* [Task description]: Every line from the one with "2. Одни из первых" up to and including the one with "Атмосферные нейтрино Choji" is to be output exactly as it appears below; pictures are not.

* [Data excerpts]:
[Start of section]

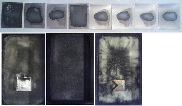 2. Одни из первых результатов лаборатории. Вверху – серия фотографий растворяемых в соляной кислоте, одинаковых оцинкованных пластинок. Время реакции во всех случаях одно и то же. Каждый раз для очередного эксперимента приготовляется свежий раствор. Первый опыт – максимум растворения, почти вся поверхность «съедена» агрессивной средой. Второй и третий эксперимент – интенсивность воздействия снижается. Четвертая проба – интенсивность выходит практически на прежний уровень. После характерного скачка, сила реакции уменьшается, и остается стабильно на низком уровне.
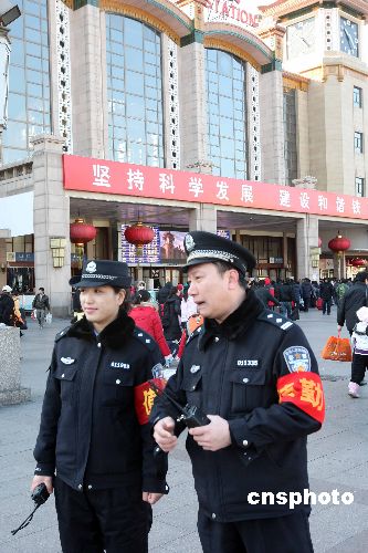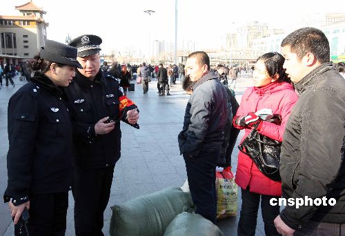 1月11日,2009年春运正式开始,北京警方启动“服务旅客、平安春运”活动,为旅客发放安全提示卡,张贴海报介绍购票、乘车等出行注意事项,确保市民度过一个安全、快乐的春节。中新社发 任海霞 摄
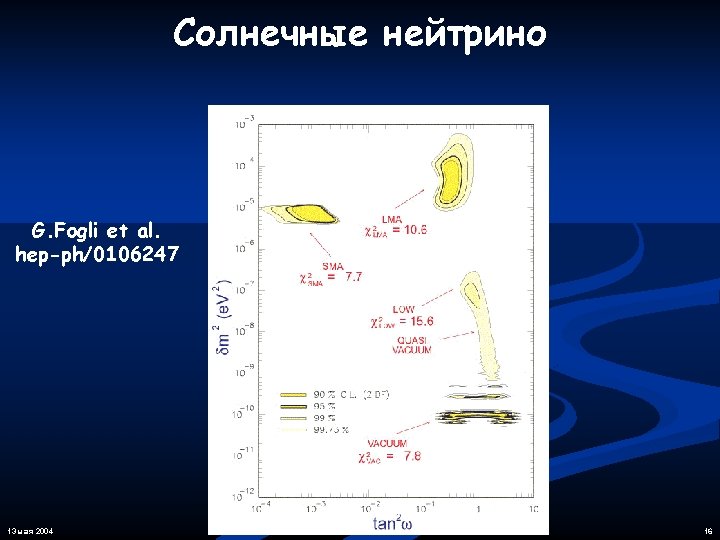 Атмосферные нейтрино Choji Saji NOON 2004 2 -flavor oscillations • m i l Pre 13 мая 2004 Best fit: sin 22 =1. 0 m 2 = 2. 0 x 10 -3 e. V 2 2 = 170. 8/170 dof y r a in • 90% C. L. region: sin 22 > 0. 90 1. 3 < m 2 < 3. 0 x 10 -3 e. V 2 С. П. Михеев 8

[End of section]
[Start of section]

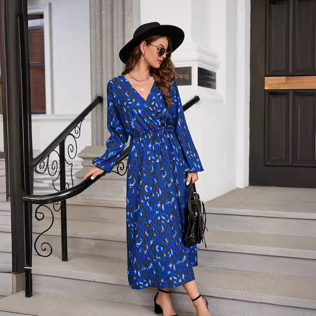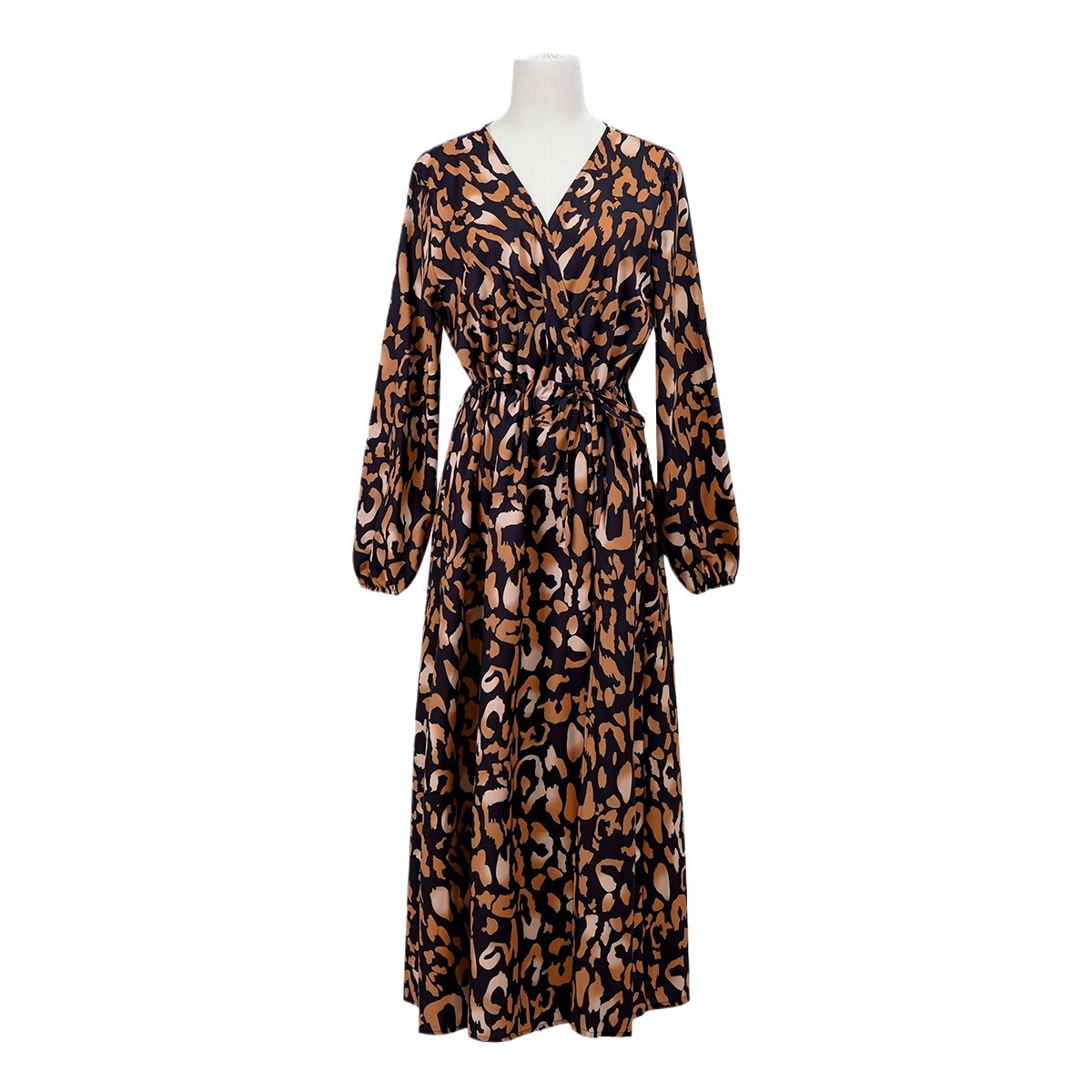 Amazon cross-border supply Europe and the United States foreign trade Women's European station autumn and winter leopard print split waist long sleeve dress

[End of section]

* [Reply to the exercise]:
 2. Одни из первых результатов лаборатории. Вверху – серия фотографий растворяемых в соляной кислоте, одинаковых оцинкованных пластинок. Время реакции во всех случаях одно и то же. Каждый раз для очередного эксперимента приготовляется свежий раствор. Первый опыт – максимум растворения, почти вся поверхность «съедена» агрессивной средой. Второй и третий эксперимент – интенсивность воздействия снижается. Четвертая проба – интенсивность выходит практически на прежний уровень. После характерного скачка, сила реакции уменьшается, и остается стабильно на низком уровне.
 1月11日,2009年春运正式开始,北京警方启动“服务旅客、平安春运”活动,为旅客发放安全提示卡,张贴海报介绍购票、乘车等出行注意事项,确保市民度过一个安全、快乐的春节。中新社发 任海霞 摄
 Атмосферные нейтрино Choji Saji NOON 2004 2 -flavor oscillations • m i l Pre 13 мая 2004 Best fit: sin 22 =1. 0 m 2 = 2. 0 x 10 -3 e. V 2 2 = 170. 8/170 dof y r a in • 90% C. L. region: sin 22 > 0. 90 1. 3 < m 2 < 3. 0 x 10 -3 e. V 2 С. П. Михеев 8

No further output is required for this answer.